|
Akhir Oktober lalu, sebuah pesawat luar angkasa diluncurkan ke luar orbit bumi untuk urusan yang mungkin kelihatan sepele: membuat parfum. Para peneliti percaya, pada kondisi bergravitasi nol, molekul dalam sebuah tanaman akan bersatu dengan cara yang tak seperti biasanya. Dan ini akan menyebabkan terbentuknya minyak yang tidak bisa dibentuk di bumi.
Lalu, apakah aroma minyak buatan luar angkasa itu akan berbeda dengan minyak buatan bumi? Para ilmuwan tidak yakin betul. Karena itulah mereka berusaha mencari tahu melalui proyek riset yang disponsori International Flavors and Fragrance (IFF), New York, ini. Jika riset tersebut sukses, wewangian baru eksotis dari luar angkasa akan dipergunakan pada parfum, sabun, deodoran, detergen, dan makanan.

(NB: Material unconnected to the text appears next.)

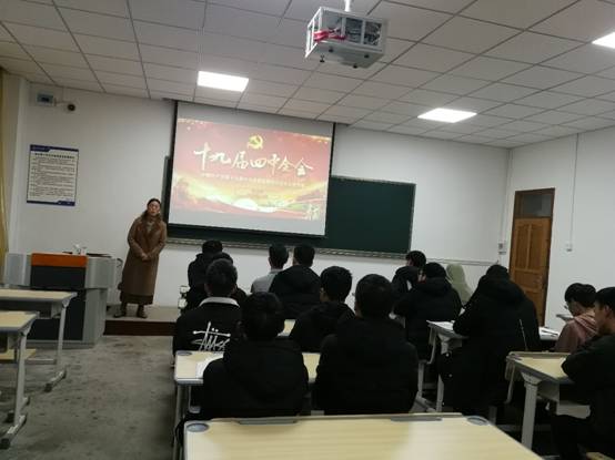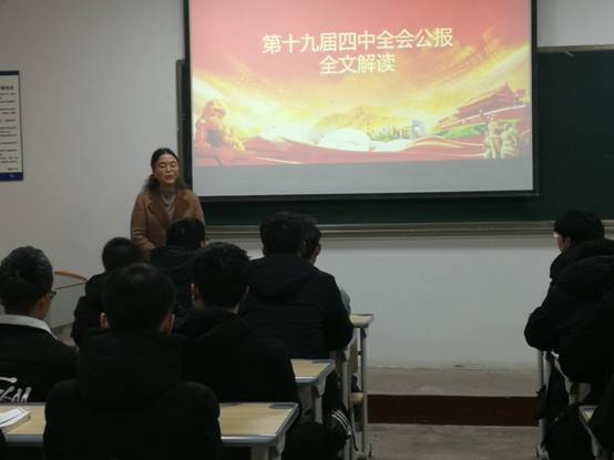 本网讯 (材料与冶金工程学院 文字/杨江 图片/杨明)为了使同学们了解中国特色社会主义基本国情,具备良好的思想政治素质,实现自己的社会价值。2019年12月18日10点在2教107教室,伍玉娇院长深入材料181班开展了一场关于“第十九届四中全会公报全文解读”的讲座,班主任杨江和全体181班同学参加了此次活动。

The Sunday Times melaporkan, selama misi, sebuah miniatur tanaman mawar akan ditumbuhkan dalam "kultur astro" yang tertutup. Lingkungan ini menciptakan penerangan sendiri serta makanan dan air yang dibutuhkan tanaman untuk berbunga. Sementara itu, sebuah kamera tipis yang dibawa para spesialis tanaman di pesawat dan yang berada di bumi akan terus memonitor tanaman ketika mulai berbunga.
Sebelum pesawat mendarat kembali, sebuah jarum disisipkan di bawah salah satu bunga yang berkembang untuk mendapatkan molekul wewangian yang terbentuk. Sampel tersebut kemudian akan dipelajari cara konfigurasinya--yang tidak bisa terjadi di bumi.